Exonération de CSG et CRDS pour certains expatriés

Suite à la Loi de Finances pour la Sécurité Sociale 2019, seraient désormais exonérées de CSG et de CRDS les personnes qui relèvent du régime obligatoire de sécurité sociale d’un autre état membre de l’UE, de l’EEE ou de la Suisse et ne sont pas à la charge d’un régime obligatoire de sécurité sociale français.

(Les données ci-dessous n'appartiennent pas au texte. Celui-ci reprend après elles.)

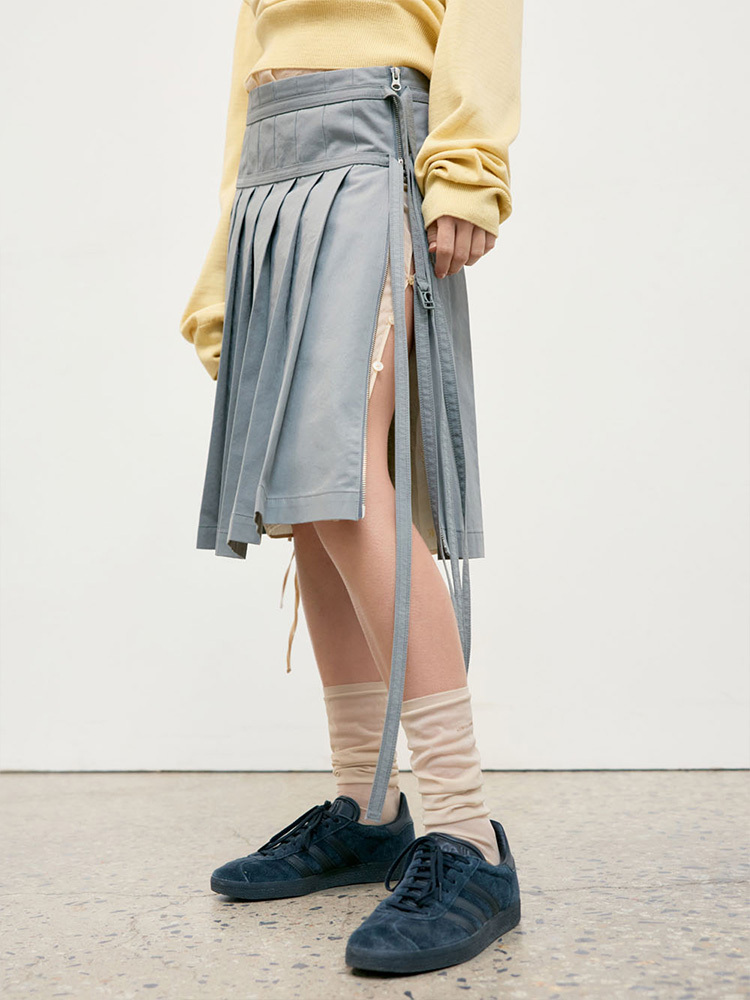 - 腰部環繞式綁帶搭配品牌標誌裝飾細節
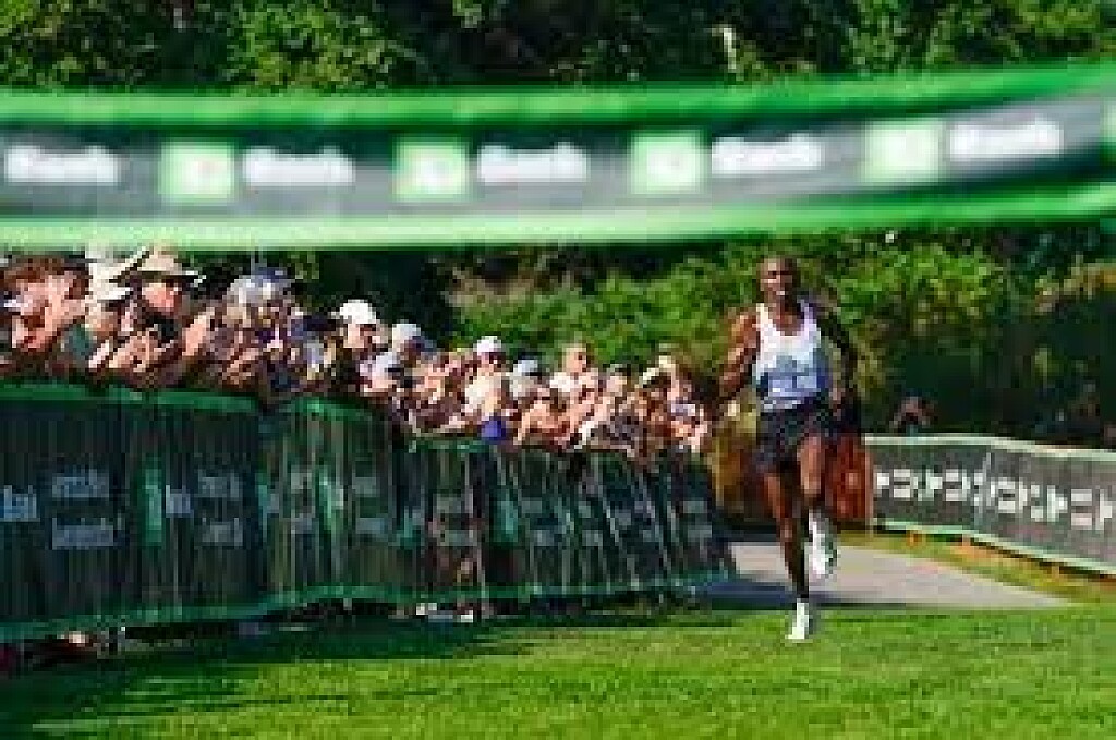 True’s absence paved the way for Mathew Kimeli, 24, of Kenya to run away from the men’s field. Hampered only by a brief entanglement with yellow caution tape after he turned onto Shore Road in Mile 4, Kimeli crossed the line with arms upraised in a winning time of 28:39.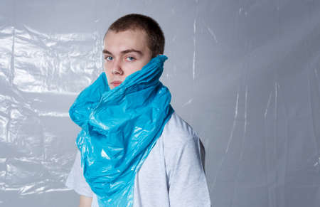 Horizontal view. Frontal portrait of a guy have covered mouth with blue plastic bag, shot in studio, over gray background. copy space. Ecologic content.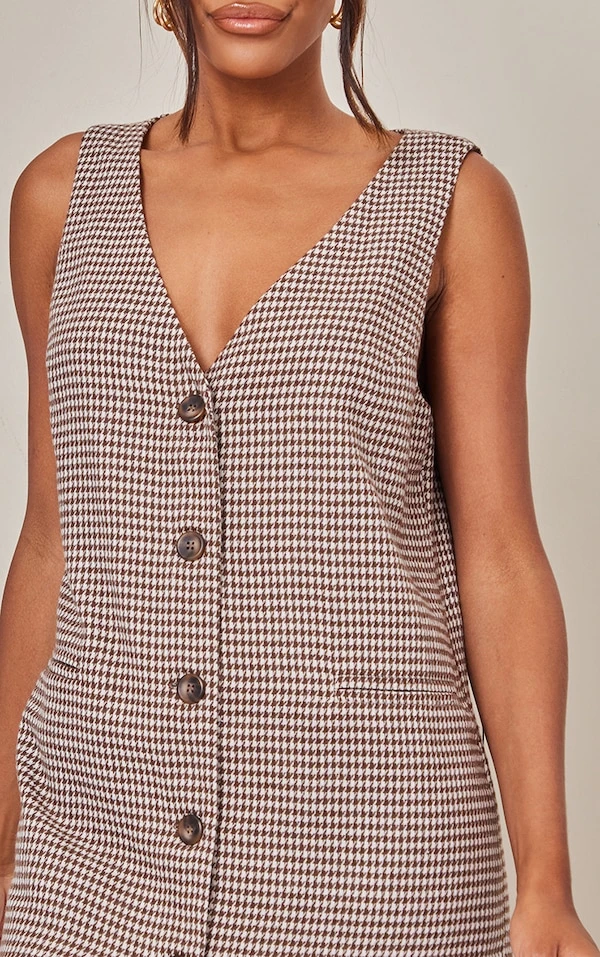 Robe Blazer Style Gilet Oversize Chocolat En Maille Sergée à Carreaux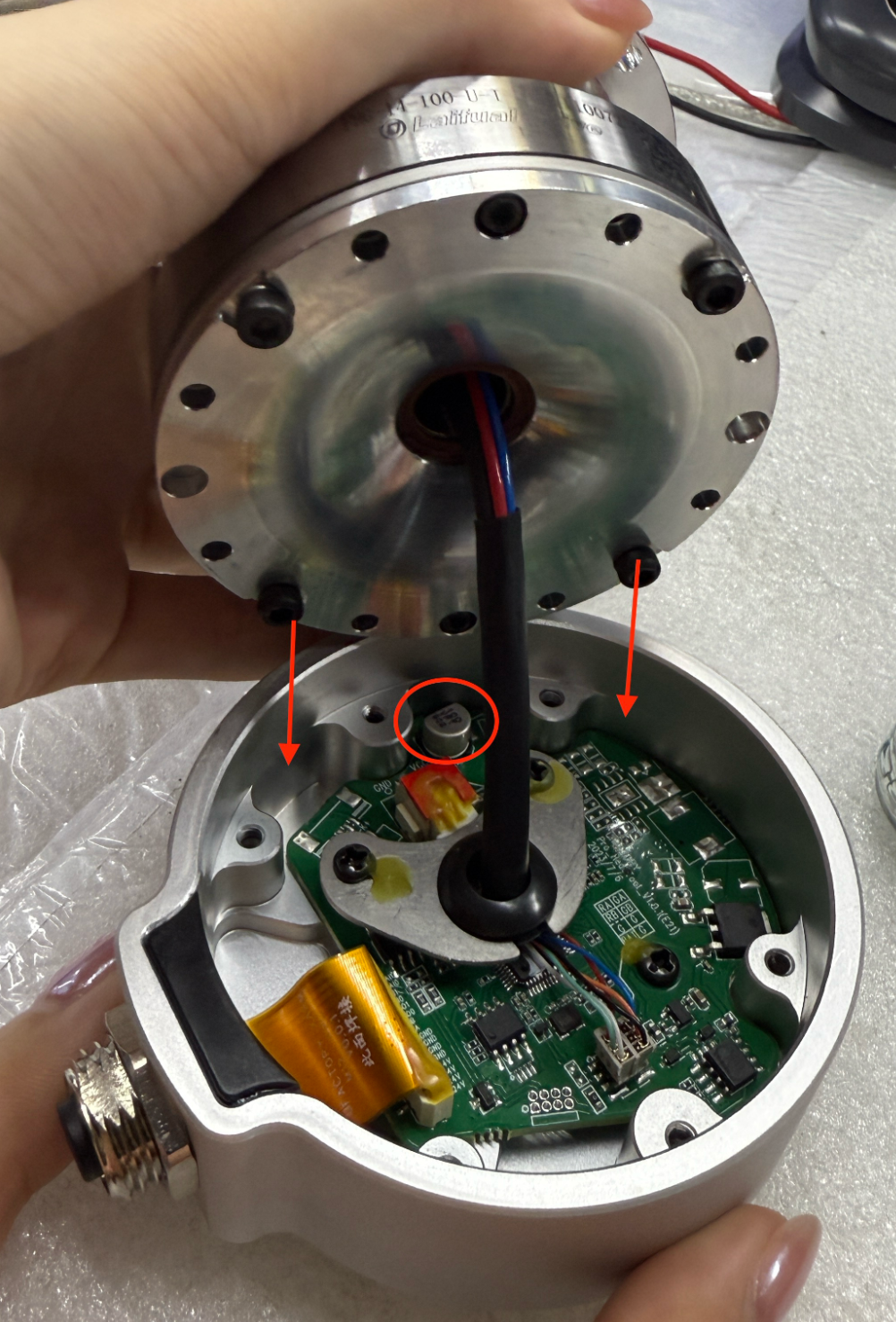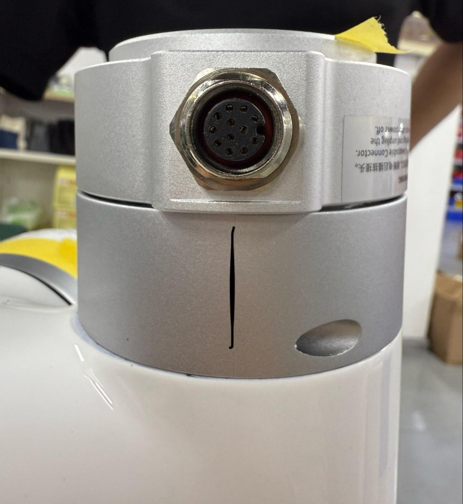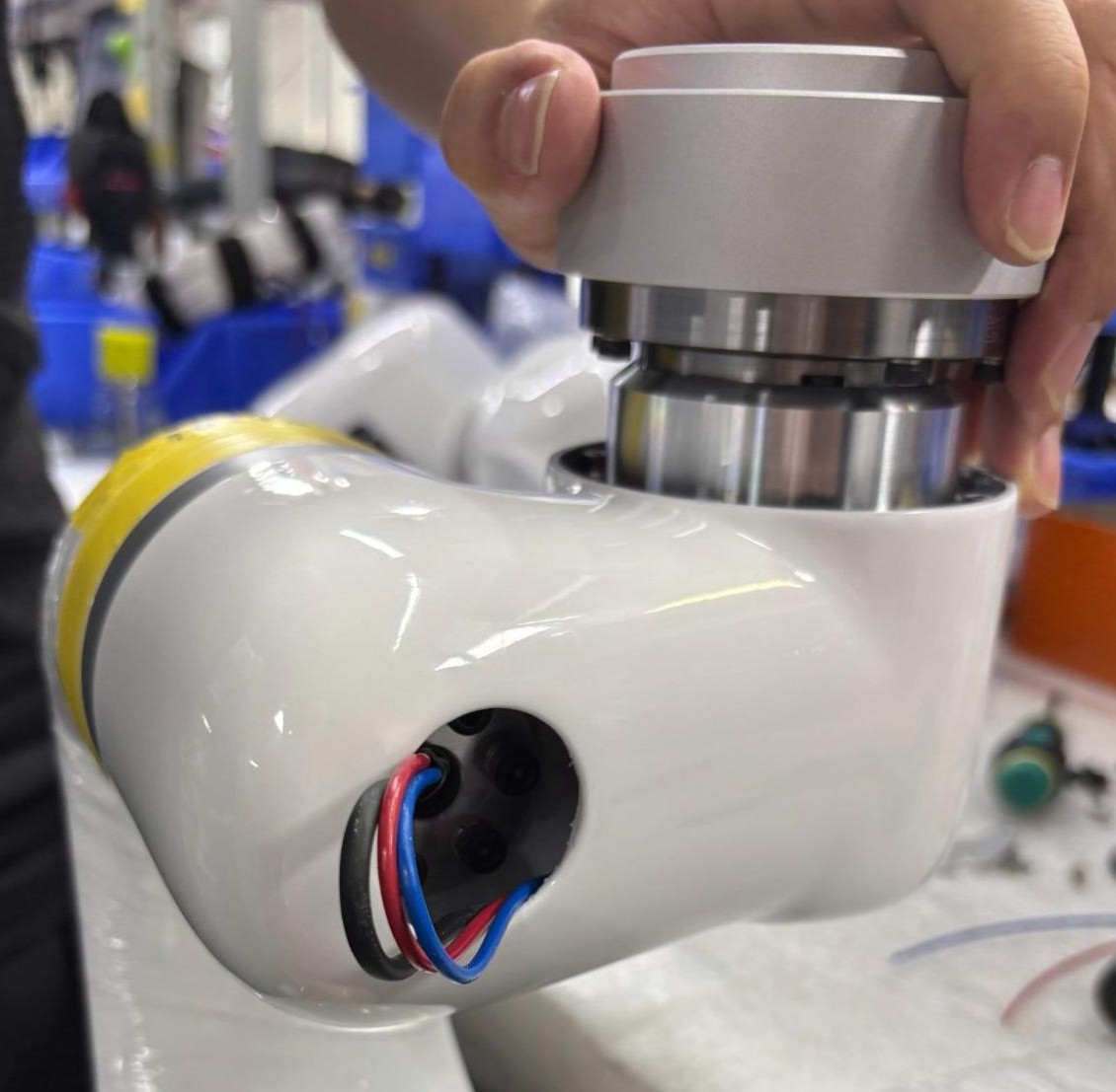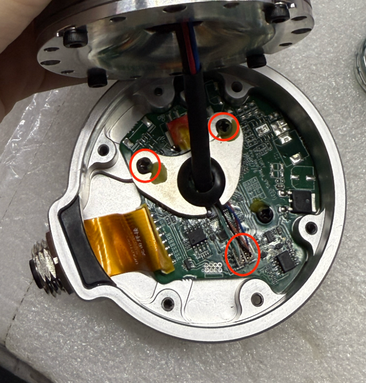 在螺栓上轻轻涂抹胶水,并将关节螺栓固定到位。再次确认末端法兰 IO 接口与先前标记的零点位置对齐——应在带有”UF”标志橡胶塞的一侧。

Cette exonération ne s’appliquerait pas au nouveau prélèvement de solidarité au taux de 7.5%.

Les modalités de justifications des conditions requises ne sont pas définies dans le texte qui renvoie à un décret ultérieur.

Cette mesure s’appliquerait :
-              A compter de l’imposition des revenus 2018 s’agissant des revenus du patrimoine (tels que les plus-values sur cessions de valeurs mobilières réalisées par les personnes physiques résidentes fiscales françaises, les revenus fonciers perçus par des personnes physiques quelle que soit leur résidence fiscale) ;
-              Aux faits générateurs intervenants à compter du 1er janvier 2019 pour les revenus de placement et assimilés (tels que les intérêts et dividendes perçus par les personnes physiques résidentes fiscales françaises, les plus-values immobilières réalisées par des personnes physiques quelle que soit leur résidence fiscale).